■ **What you should do**
Please copy, exactly as they appear below, the lines from the one containing "Выключатель автоматический модульный" through the one containing "アニメBlu ray らんま1 2 Blu Disc BOX 完全生産 版 1".

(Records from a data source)
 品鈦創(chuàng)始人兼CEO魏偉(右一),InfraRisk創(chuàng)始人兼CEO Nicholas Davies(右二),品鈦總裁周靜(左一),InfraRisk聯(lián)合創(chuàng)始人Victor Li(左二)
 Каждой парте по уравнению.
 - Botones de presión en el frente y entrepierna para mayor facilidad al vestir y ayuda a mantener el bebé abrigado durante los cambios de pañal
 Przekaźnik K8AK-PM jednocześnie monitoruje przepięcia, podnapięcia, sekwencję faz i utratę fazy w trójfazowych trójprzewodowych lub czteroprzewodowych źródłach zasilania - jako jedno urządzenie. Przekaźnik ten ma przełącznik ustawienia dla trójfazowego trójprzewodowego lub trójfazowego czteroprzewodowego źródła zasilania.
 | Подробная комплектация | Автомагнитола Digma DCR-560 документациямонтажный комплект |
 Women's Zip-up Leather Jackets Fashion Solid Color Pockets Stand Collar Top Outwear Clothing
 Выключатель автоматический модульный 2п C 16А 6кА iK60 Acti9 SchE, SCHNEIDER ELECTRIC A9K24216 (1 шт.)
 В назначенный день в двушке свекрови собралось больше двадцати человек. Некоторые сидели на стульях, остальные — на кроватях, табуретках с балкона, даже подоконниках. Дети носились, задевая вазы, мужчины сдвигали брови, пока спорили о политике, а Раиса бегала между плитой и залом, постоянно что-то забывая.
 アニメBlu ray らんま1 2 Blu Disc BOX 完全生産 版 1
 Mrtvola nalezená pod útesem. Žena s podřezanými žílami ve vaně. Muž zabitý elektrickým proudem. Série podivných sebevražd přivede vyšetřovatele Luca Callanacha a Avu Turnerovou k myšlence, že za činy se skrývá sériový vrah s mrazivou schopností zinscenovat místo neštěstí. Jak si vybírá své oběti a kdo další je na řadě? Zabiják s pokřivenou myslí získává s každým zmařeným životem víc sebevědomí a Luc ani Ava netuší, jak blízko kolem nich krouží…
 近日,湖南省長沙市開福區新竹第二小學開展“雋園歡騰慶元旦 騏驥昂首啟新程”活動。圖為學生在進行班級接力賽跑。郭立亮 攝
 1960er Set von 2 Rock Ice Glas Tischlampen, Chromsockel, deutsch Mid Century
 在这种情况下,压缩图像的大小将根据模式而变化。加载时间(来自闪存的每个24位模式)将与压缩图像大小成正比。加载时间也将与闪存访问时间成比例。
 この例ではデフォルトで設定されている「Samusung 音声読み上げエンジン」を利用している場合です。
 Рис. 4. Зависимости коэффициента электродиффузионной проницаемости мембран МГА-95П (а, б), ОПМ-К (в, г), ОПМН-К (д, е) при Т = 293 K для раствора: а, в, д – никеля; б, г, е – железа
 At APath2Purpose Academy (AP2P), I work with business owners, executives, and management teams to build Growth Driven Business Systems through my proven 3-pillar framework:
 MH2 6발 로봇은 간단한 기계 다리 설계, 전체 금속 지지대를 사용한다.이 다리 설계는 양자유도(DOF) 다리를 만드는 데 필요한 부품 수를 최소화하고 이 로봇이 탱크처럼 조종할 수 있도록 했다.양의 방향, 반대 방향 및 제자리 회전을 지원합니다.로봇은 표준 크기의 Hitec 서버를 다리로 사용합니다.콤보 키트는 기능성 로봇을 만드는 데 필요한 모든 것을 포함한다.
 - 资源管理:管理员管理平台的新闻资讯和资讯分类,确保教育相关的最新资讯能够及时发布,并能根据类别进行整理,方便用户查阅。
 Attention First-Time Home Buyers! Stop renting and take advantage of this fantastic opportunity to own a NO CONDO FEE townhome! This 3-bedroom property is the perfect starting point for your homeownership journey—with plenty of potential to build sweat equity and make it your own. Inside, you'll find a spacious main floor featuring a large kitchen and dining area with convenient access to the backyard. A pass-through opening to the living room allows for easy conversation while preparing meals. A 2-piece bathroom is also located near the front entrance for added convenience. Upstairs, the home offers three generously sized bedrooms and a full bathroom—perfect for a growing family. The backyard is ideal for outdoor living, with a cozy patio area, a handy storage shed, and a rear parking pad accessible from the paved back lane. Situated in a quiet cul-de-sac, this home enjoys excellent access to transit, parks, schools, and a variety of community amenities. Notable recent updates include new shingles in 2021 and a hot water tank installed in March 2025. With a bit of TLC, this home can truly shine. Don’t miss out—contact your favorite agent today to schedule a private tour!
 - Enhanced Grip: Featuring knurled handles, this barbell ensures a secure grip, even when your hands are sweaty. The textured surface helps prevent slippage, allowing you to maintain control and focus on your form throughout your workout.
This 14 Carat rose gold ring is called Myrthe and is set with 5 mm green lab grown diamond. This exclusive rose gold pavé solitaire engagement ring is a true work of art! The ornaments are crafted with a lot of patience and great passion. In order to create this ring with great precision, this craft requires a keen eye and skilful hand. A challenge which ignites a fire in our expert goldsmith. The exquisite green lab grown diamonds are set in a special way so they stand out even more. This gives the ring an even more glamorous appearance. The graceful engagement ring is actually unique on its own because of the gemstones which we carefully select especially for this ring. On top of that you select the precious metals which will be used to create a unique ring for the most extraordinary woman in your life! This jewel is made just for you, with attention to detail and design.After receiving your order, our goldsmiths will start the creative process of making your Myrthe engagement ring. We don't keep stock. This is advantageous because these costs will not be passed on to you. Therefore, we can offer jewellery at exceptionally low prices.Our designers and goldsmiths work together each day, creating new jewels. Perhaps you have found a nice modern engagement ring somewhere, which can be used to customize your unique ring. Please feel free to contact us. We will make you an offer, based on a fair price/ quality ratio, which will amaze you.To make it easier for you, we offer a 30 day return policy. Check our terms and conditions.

■ **Answer to this exercise**
 Выключатель автоматический модульный 2п C 16А 6кА iK60 Acti9 SchE, SCHNEIDER ELECTRIC A9K24216 (1 шт.)
 В назначенный день в двушке свекрови собралось больше двадцати человек. Некоторые сидели на стульях, остальные — на кроватях, табуретках с балкона, даже подоконниках. Дети носились, задевая вазы, мужчины сдвигали брови, пока спорили о политике, а Раиса бегала между плитой и залом, постоянно что-то забывая.
 アニメBlu ray らんま1 2 Blu Disc BOX 完全生産 版 1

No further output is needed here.